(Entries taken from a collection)
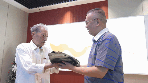 压平折痕,平整叠好,仔细擦拭别在上面的勋章……4月18日,93岁的张显明郑重地把“传家宝”交到儿子张一为手中。
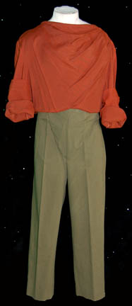 A costume featured in various episodes of Star Trek: Deep Space Nine for wear by Terry Farrel in her portrayal of “Jadzia Dax”. ”. The costume is a black Starfleet uniform jumpsuit with a form fitting elastic waist, ‘away team' gear loops sewn into the waist, quilted gray shoulders, a … |
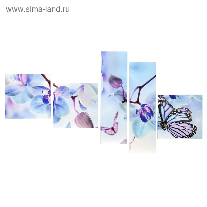 Картина модульная Голубые цветы 3- 34*34см, 2-20*70 см; 145х70 2146636 в Спасск-Дальний
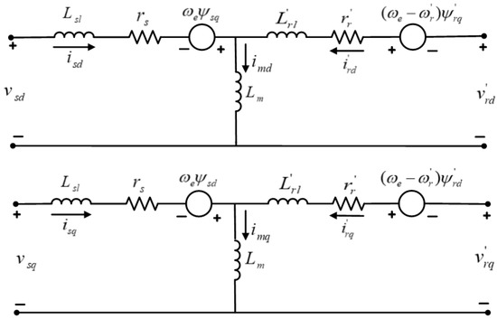 Equivalent circuit of the DFIG in the dq-synchronous reference frame.
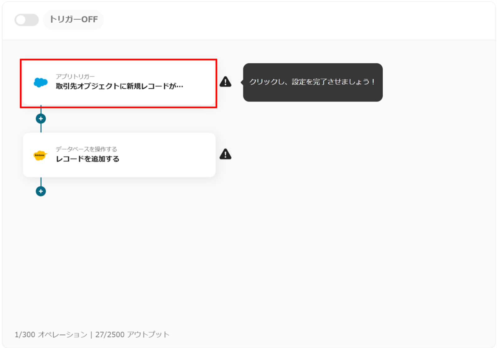 アプリトリガーの「取引先オブジェクトに新規レコードが登録されたら」をクリックします。
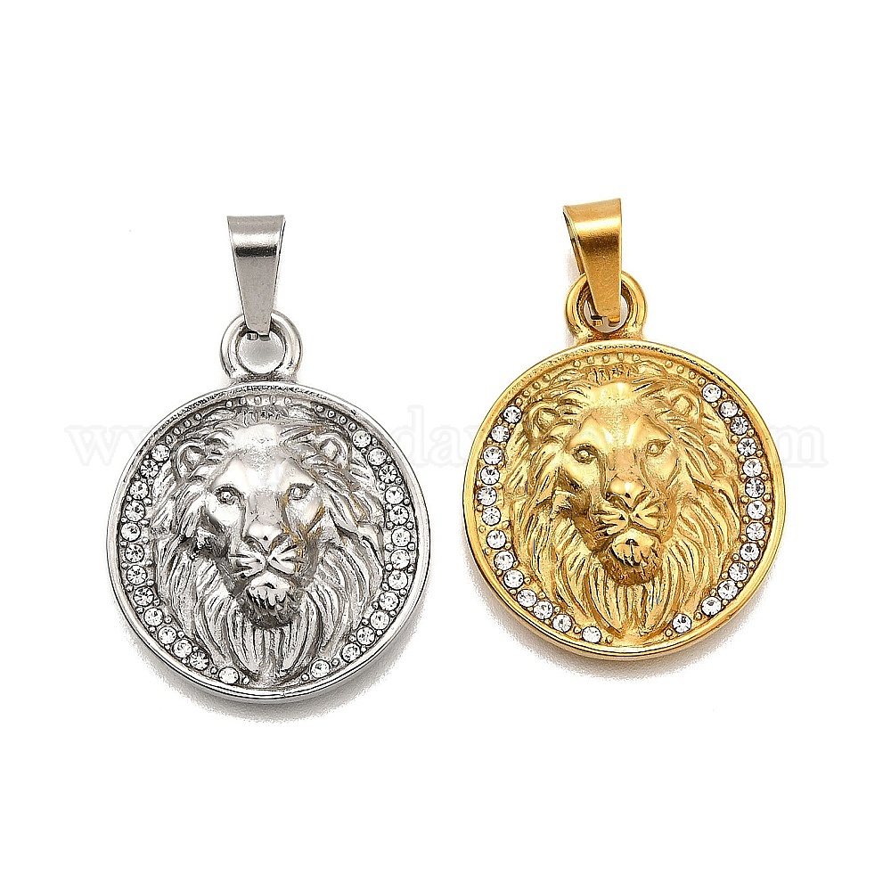 304 подвески из нержавеющей стали, со стразами, плоский круг и лев, вакуумные покрытия
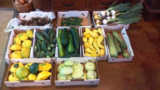 Yellow squash, zucchini, three types of pattypan squash, cucumbers, onions, and a few new potatoes and jalapenos. Still no tomatoes yes, but SOON. We also still have a FEW thornless blackberry plants left. If you want them, make sure to come early! We will also still be selling pecans.
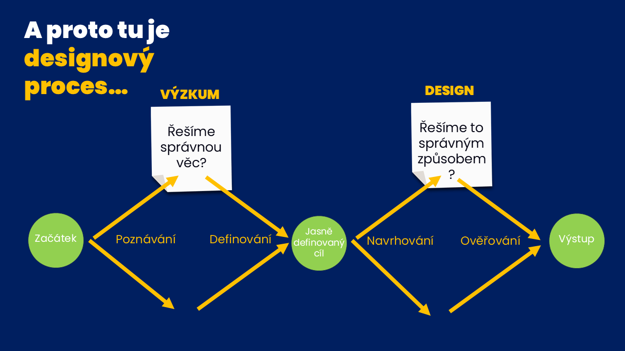 A proto tu máme designový proces, abychom porozuměli potřebám lidí, poznali problém do hloubky. Dvojitý diamant jsem zjednodušené rozdělil na výzkumnou část v jeho první polovině a otázkou, zda řešíme správnou věc a designovou část v polovině druhé a otázkou řešíme to správným způsobem?
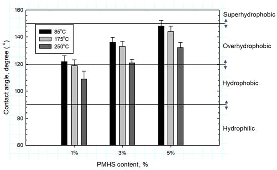 To avoid FCS degradation in high-temperature alkaline environments, their surfaces may be treated with pozzolanic reactions-inhibiting agents. Polymethylhydrosiloxane (PMHS) can be a suitable surface-treating chemical against the pozzolanic reactions of FCS. As already documented [,,,], PMHS is a hydrophobic, reducing agent that has siloxane backbone chains, (–Si–O–Si-O–)n, with two types of functional groups: proton-donor Si–H and hydrophobic Si–CH3, representing the –[–Si(CH3)2–O–]m-[–HSi(CH3)–O–]n– structure. The functional Si–H reacts with hydroxyl (–OH) groups on any organic and inorganic substrates. Hydrogen is released during this interaction in the following dehydrogenation reaction: 2Si–H + 2OH-linked substrates → 2Si–O-substates + 2H2 (gas)↑. Then, oxygen bridges form between functional proton-depleted polymethylsiloxane (PMS) and substrates, resulting in the substrate surface coverage with hydrophobic –Si(CH3) groups attached to PMS chains. The surface of the substrate becomes water-repellent and hydrophobic. Most importantly, hydrophobic cement concrete provides good thermal insulating properties [].
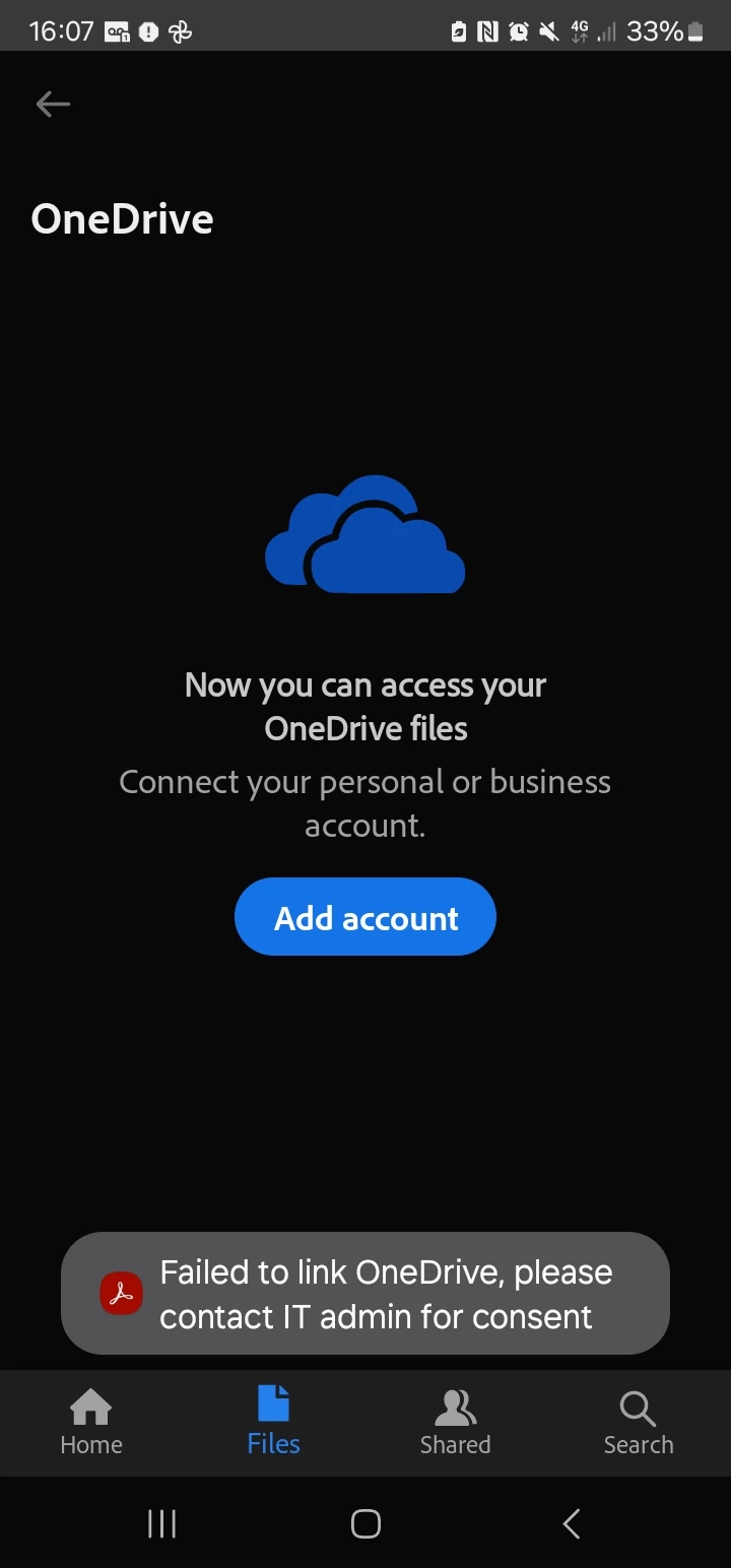 Cannot connect onedrive to adobe reader on android device
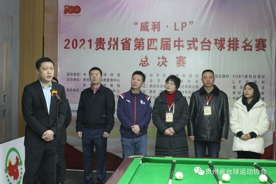 毕节市体育局党组成员、副局长朱卫国、FURY威利品牌经理刘凯在开幕式上致辞,袁京代表裁判员宣誓,路垚作为运动员代表宣誓,贵州省社会体育管理中心主任蒋菊,毕节市体育局党组成员、副局长朱卫国,贵州省社会体育管理中心副主任、贵州省台球运动协会副主席田猛一起为赛事开杆,伴随着贵州省社会体育管理中心主任蒋菊宣布比赛开幕,翘首以盼的“威利·LP”2021贵州省第四届中式台球排名赛总决赛奏响了开赛最强音。

WHAT YOU WILL DO - Lines from the one containing "To avoid FCS" through the final line of the entries above are to be retyped exactly, with every picture left out.

REPLY TO THE EXERCISE -
 To avoid FCS degradation in high-temperature alkaline environments, their surfaces may be treated with pozzolanic reactions-inhibiting agents. Polymethylhydrosiloxane (PMHS) can be a suitable surface-treating chemical against the pozzolanic reactions of FCS. As already documented [,,,], PMHS is a hydrophobic, reducing agent that has siloxane backbone chains, (–Si–O–Si-O–)n, with two types of functional groups: proton-donor Si–H and hydrophobic Si–CH3, representing the –[–Si(CH3)2–O–]m-[–HSi(CH3)–O–]n– structure. The functional Si–H reacts with hydroxyl (–OH) groups on any organic and inorganic substrates. Hydrogen is released during this interaction in the following dehydrogenation reaction: 2Si–H + 2OH-linked substrates → 2Si–O-substates + 2H2 (gas)↑. Then, oxygen bridges form between functional proton-depleted polymethylsiloxane (PMS) and substrates, resulting in the substrate surface coverage with hydrophobic –Si(CH3) groups attached to PMS chains. The surface of the substrate becomes water-repellent and hydrophobic. Most importantly, hydrophobic cement concrete provides good thermal insulating properties [].
 Cannot connect onedrive to adobe reader on android device
 毕节市体育局党组成员、副局长朱卫国、FURY威利品牌经理刘凯在开幕式上致辞,袁京代表裁判员宣誓,路垚作为运动员代表宣誓,贵州省社会体育管理中心主任蒋菊,毕节市体育局党组成员、副局长朱卫国,贵州省社会体育管理中心副主任、贵州省台球运动协会副主席田猛一起为赛事开杆,伴随着贵州省社会体育管理中心主任蒋菊宣布比赛开幕,翘首以盼的“威利·LP”2021贵州省第四届中式台球排名赛总决赛奏响了开赛最强音。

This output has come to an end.